John McWhorter just called the June 18 column by Brooks his phoniest in 17 years. I thought that was interesting, but it was a tweet, so there wasn't any reason given as to why. I don't read Brooks. I find him to be mostly irrelevant and of a different era.

JustPeachy said...

I see a potential hitch in those numbers. I want to see a breakdown by age.

We have a white head of household, with a college degree (with honors!), and we're at like, one fifth of that median income, while hubby goes to vocational school to get a real job. And that real job still won't even approach that median, it'll just be enough for us to live on without our family chipping in all the time. Recent years have radically overproduced college grads, while at the same time, not radically increasing the number of jobs that require a college degree. Right now, a bachelor's degree in English qualifies you to be a substitute teacher in a middle school. Good luck finding anything that pays $100k if you didn't go on to get a master's in something that's actually in demand.
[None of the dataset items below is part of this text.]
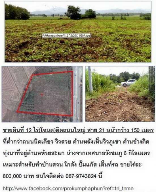 ขายดินที่ 12 ไร่(โฉนด)ติดถนนใหญ่ สาย 21 หน้ากว้าง 150 เมตร ที่ต่ำกว่าถนนนิดเดียว วิวสวย ด้านหลังเห็นวิวภูเขา ด้านข้างติดทุ่งนาที่อยู่ตำบลห้วยสะแก ห่างจากเทศบาลวังชมภู 6 กิโลเมตร เหมาะสำหรับทำบ้านสวน โกดัง ปั๊มแก๊ส เต็นท์รถ ขายไร่ละ 800,000 บาท สนใจติดต่อ 087-9743824 บี้ http://www.facebook.com/prokumphaphun?ref=tn_tnmn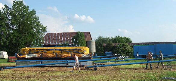 Die Masten wurden herabgelassen und werden verstaut und eine Stunde später rollen die ersten Transporte schon weiter in die nächste Gastspielstadt.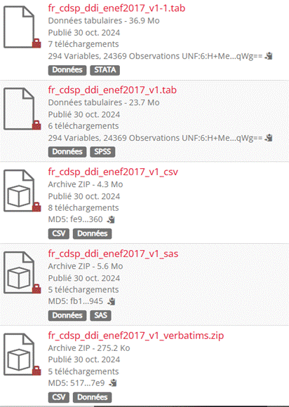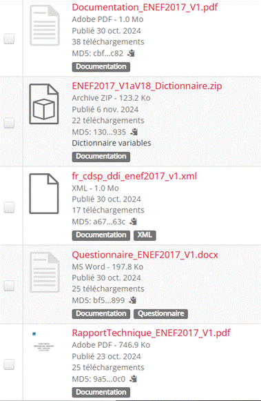 Chaque vague de l’ENEF 2017 possède son propre DOI. Chaque jeu de données est diffusé sous quatre formats : dta, sav, SAS, ainsi qu’un format csv accessible à tous les utilisateurs. Les réponses aux questions ouvertes sont disponibles dans un fichier distinct intitulé « _verbatim » le cas échéant (Figure 10). Les fichiers de documentation sont fourni par jeu de données, incluant un codebook au format pdf généré par Nesstar, un dictionnaire des codes, le questionnaire de l’enquête et un rapport technique présentant la distribution selon le redressement et l’échantillonnage. La documentation DDI est également disponible au format XML afin de garantir l’interopérabilité avec d’autres standards et la réutilisabilité. (Figure 11)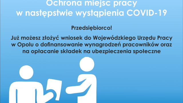 Przedsiębiorcy już od 1 kwietnia br. mogą składać do Wojewódzkiego Urzędu Pracy w Opolu wnioski o dofinansowanie do wynagrodzeń pracowników objętych przestojem ekonomicznym lub obniżonym wymiarem czasu pracy, a także na opłacanie składek na ubezpieczenia społeczne należnych pracodawcy od kwoty przyznanych świadczeń.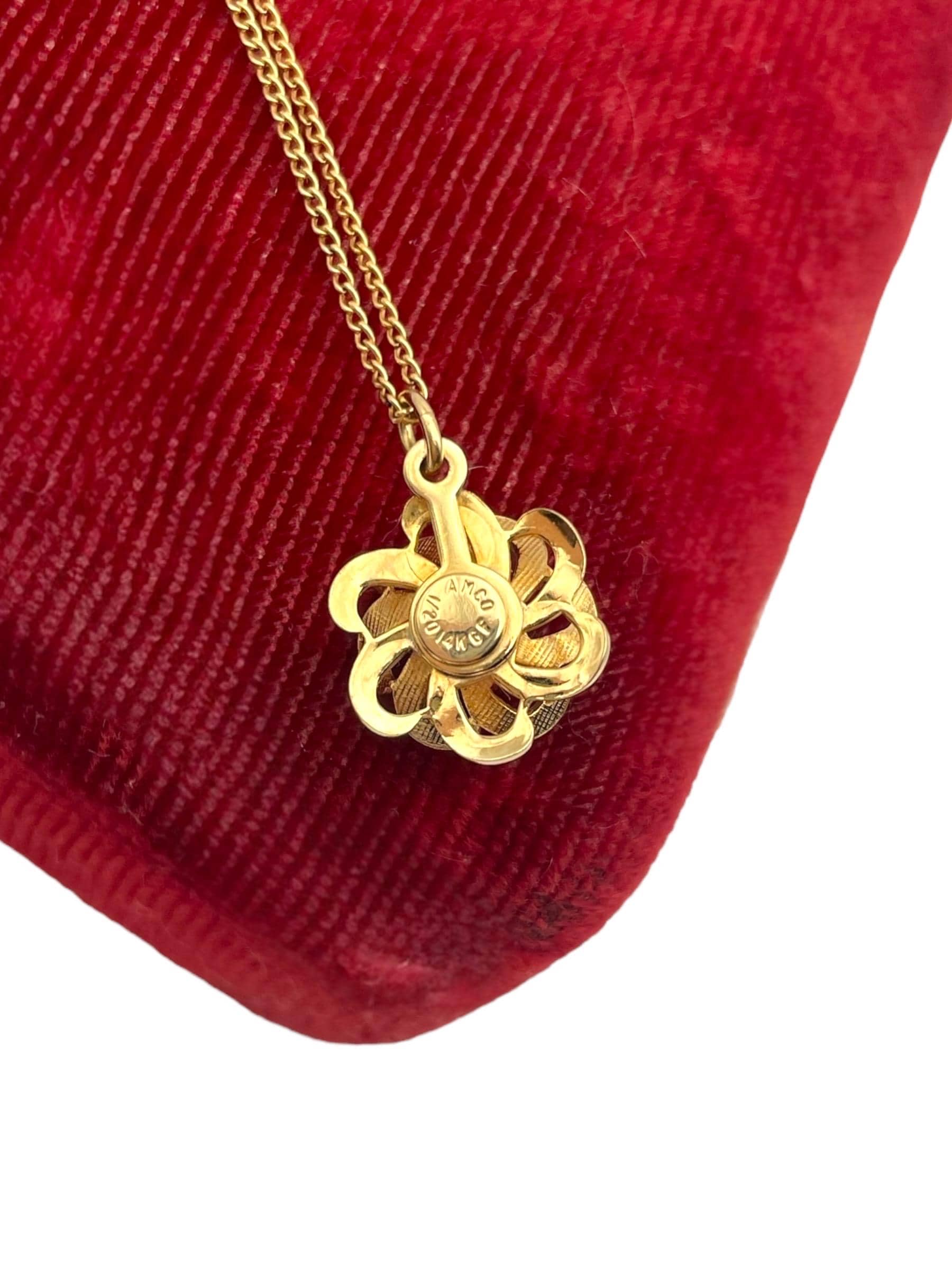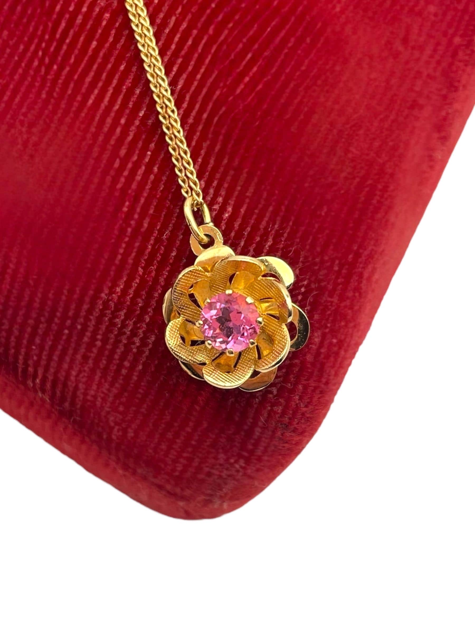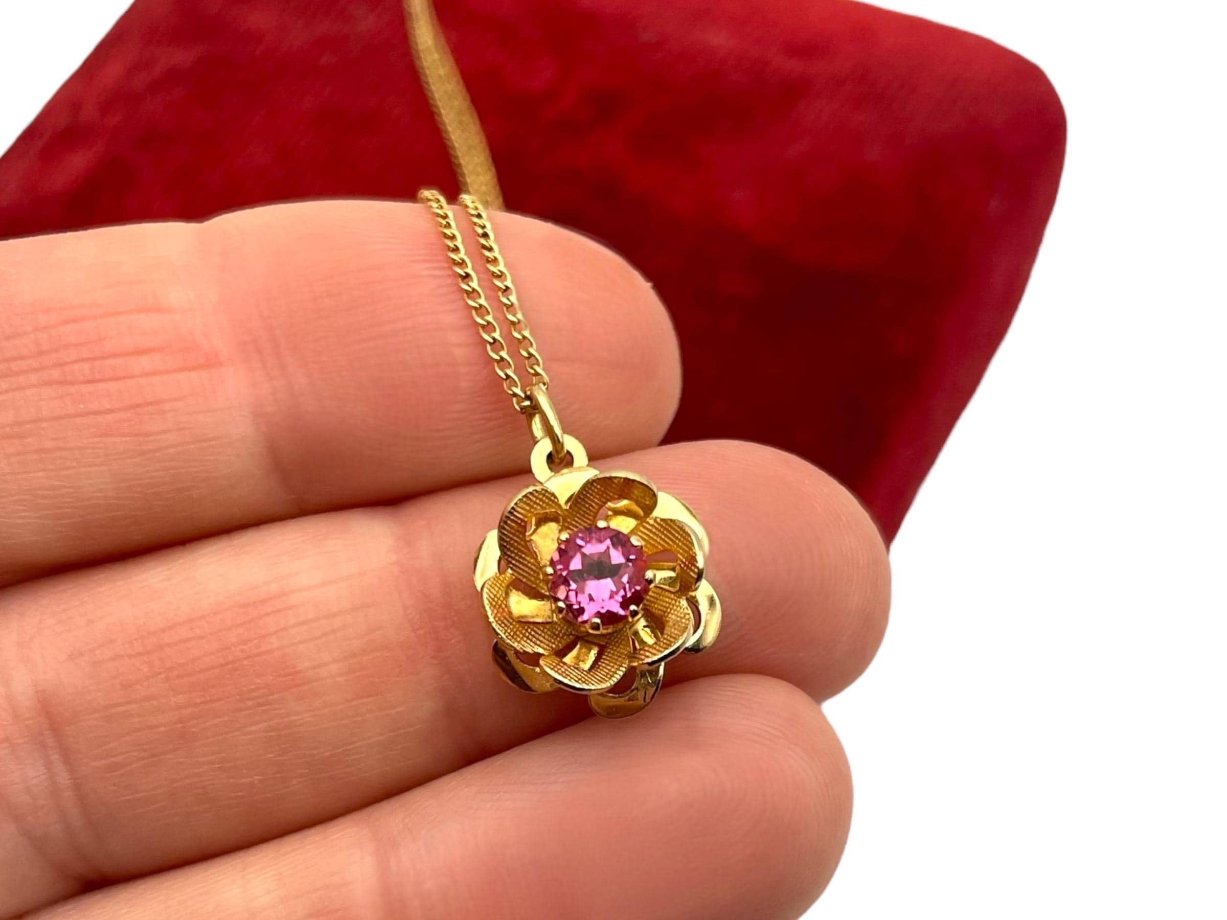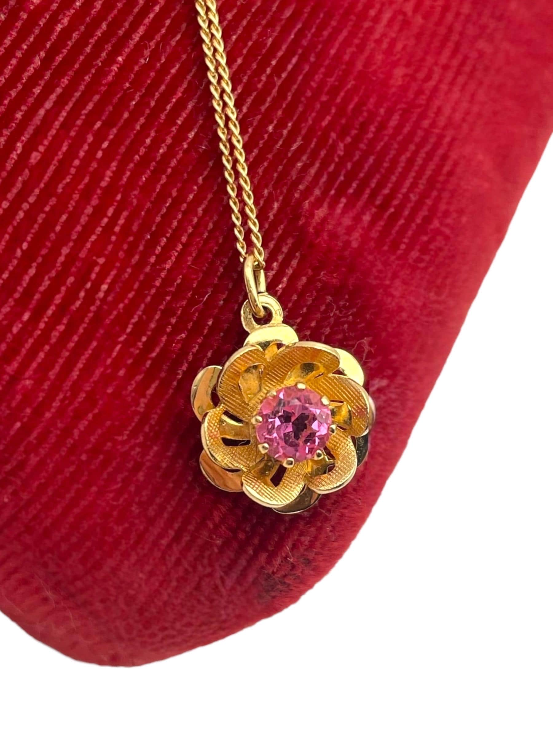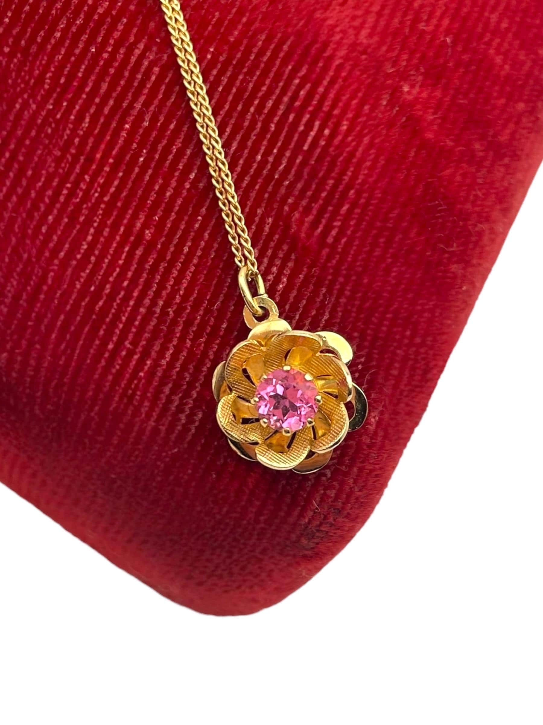 A sweet little 14K gold filled flower pendant with a pink rhinestone center. The pendant is shown on an 18'' vintage 12K gold filled chain by Speidel. Can be purchased with or without the chain.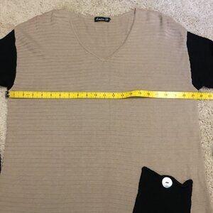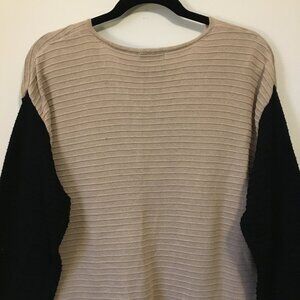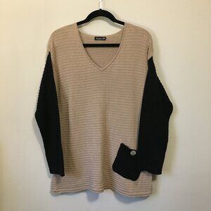 Very good preowned condition, beige ribbed, v-neck knit sweater with black sleeves by Lulu-Be. Pocket on the left side with a mother of pearl button. Lightweight, comfortable, and natural material.

I suspect a lot of that "median" number is skewed toward older cohorts, who really *could* get a decent managerial or government job with a college degree. That's not true for anyone under 40. I would like to see those numbers run for just the under-40 set, and I would bet that if you did that, you'd find the race gap smaller, but also the overall median income lower.

Meanwhile, a high school diploma now is not the same as a diploma in 1968, so it's not that surprising that just graduating high school doesn't automatically result in better prospects. It's great that we're graduating more kids. It'd be even better if they were graduating with the same education standards they needed to graduate in '68.